Dari anekdot itu, uang panai' bukan lagi menjadi mas kawin melainkan candu dalam sebuah pernikahan. Apakah dilarang ? Tentu tidak, sepanjang disepakati. Namun uang panai" kerap menjadi momok bagi pria yng akan menikahi gadis Bugis-Makassar sebab jumlahnya seringkali dirasakan"mencekik". pertengahan Agustus 2015 lalu, tersiar kabar, sebuah pernikahan dengan uang panai' tertinggi, mencapai Rp 500 juta, dari salah satu daerah di Sulawesi Selatan.
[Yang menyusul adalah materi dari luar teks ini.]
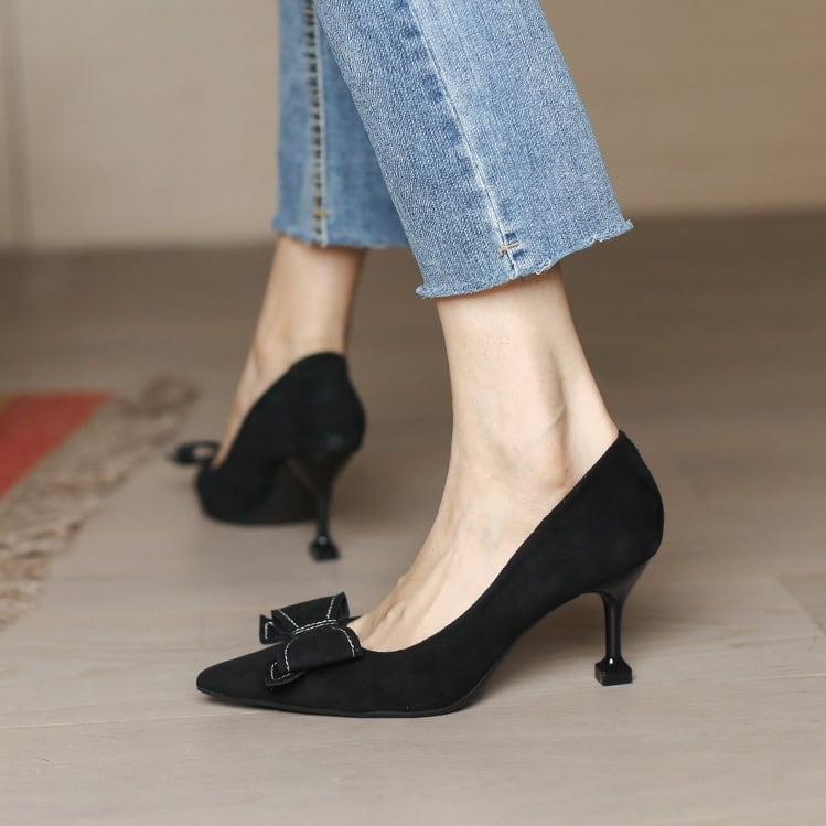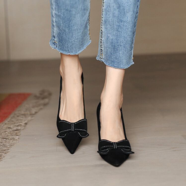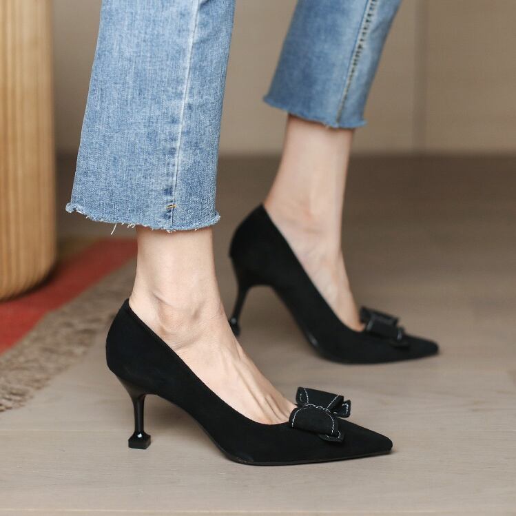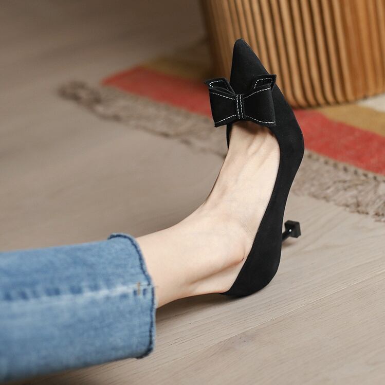 可愛らしいリボン付のポインテッドトゥパンプス。 ヒールの高さは3タイプありお好みでチョイス可能。 ワンピースやスカートはもちろんデニムと合わせた甘辛ミックスコーデにもおすすめです。 【商品詳細】 カラー:ブラック 素材:スエード 【商品サイズ】 サイズ:21.5cm、22cm、22.5cm、23cm、23.5cm、24cm、24.5cm、25cm、25.5cm ヒールの高さ:3cm、5cm、7cm ※海外製品につき多少の誤差がある場合が ございます。予めご了承くださいませ。 表記は目安として参考にしてください。 【お届けについて】 こちらの商品は海外店舗より直接発送となる為、 ご入金から1~3週間前後で発送致します。 (商品の状況によっては3週間以上かかる場合も あります。その際はご連絡させていただきます) ※沖縄・離島は、別途送料を頂戴しております。 ◼️注意事項 ・タイミングによっては 商品在庫切れにより 注文キャンセルとさせていただく場合も ございますので、予めご了承くださいませ。 ・こちらは海外インポート商品となります。 日本製とは検品基準とは異なり、作りが あまい場合がございます。 ・お手持ちのPCやスマートフォンの画面により 商品の色に若干異なる場合がございます。 ・イメージ違いやサイズ等、お客様都合による交換、 返品、キャンセルは対応出来かねます。 ———————————————— ご購入前に必ずお読みくださいませ ↓ ↓ ↓ https://shop.gramu-official.jp/about —————————————————

Konon, sebuah artikel dari sumber di media pemberitaan, Uang Panai' wanita, tertinggi itu adalah dari Suku Bugis, disusul Aceh, Borneo, Padang pariaman dan terakhir Nias. Tetapi semua itu , kembali pada masing-masing kedua belah pihak tentang jumlah uang panai' yang disepakati.
Tidak sedikit juga pasangan, terpaksa menelan pahitnya kehidupan percintaan yang dibelenggu aturan adat atau tradisi, sehingga membuatnya berpisah dan akhirnya kasih tak sampai dihempas badai gengsi uang panai'. Padahal mereka sudah saling mencintai satu sama lain sehingga anak tersebut menjadi korban akibat orang tua dan keluarga mempelai wanita itu sendiri, walau sebelumnya telah memiliki gairah hidup bahagia, tapi pada akhirnya, semangat hidup mereka hilang seiring berjalannya waktu dan tidak sedikit memilih jalan pintas dengan bunuh diri ketika tidak mampu lagi memikul beban penderitaan batinnya, apalagi ketika mereka tak memiliki bekal landasan iman.
Bahkan boleh jadi, ada pula sampai nekad "SILARIANG" alias kawin lari. Ini kerap terjadi jika mereka sudah benar-benar saling mencintai, mengabaikan resiko. Mereka sudah siap menanggung akibat dari pilihan hidupnya itu. Salah satu faktornya yaitu ketika syarat yang diminta pihak wanita, pihak pria tidak mampu penuhi uang panai', sehingga memilih jalan pintas demi mempersatukan cinta kasih mereka yang telah lama diidam-idamkan sebagai sebuah niat suci dalam mengarungi mahligai rumah tangga bahagia dunia dan akhirat, dalam bingkai keluarga Sakinah Ma Waddah Wa Rahmah.
Tetapi pria yang berfikir positif, memiliki mental yang tangguh, ketika melihat fenomena ini, akan menjadikannya sebagai motivasi dan tantangan tersendiri dalam bekerja keras mencari jati diri sehingga mampu memfokuskan diri berproses serta berusaha memantaskan diri untuk lebih pantas diterima mempersunting wanita pujaannya. Tak jarang pula pria bugis keluar merantau mencari dan mengumpulkan uang panai' untuk melamar wanita idamannya kelak.
Semua kembali pada individu masing-masing, Ketika tekad dengan niat yang kuat nan tulus, Insya Allah, Allah SWT senantiasa menunjukkan jalan hamba-Nya. Perlu diketahui tulisan ini bukanlah sebagai media untuk mempertontonkan siapa mahal siapa tidak" melainkan dalam tradisi ini kita bisa belajar, untuk mendapatkan sesuatu kita patut mengorbankan sesuatu pula, dituntut harus bekerja keras untuk mendapatkan apa yang ingin didapatkan.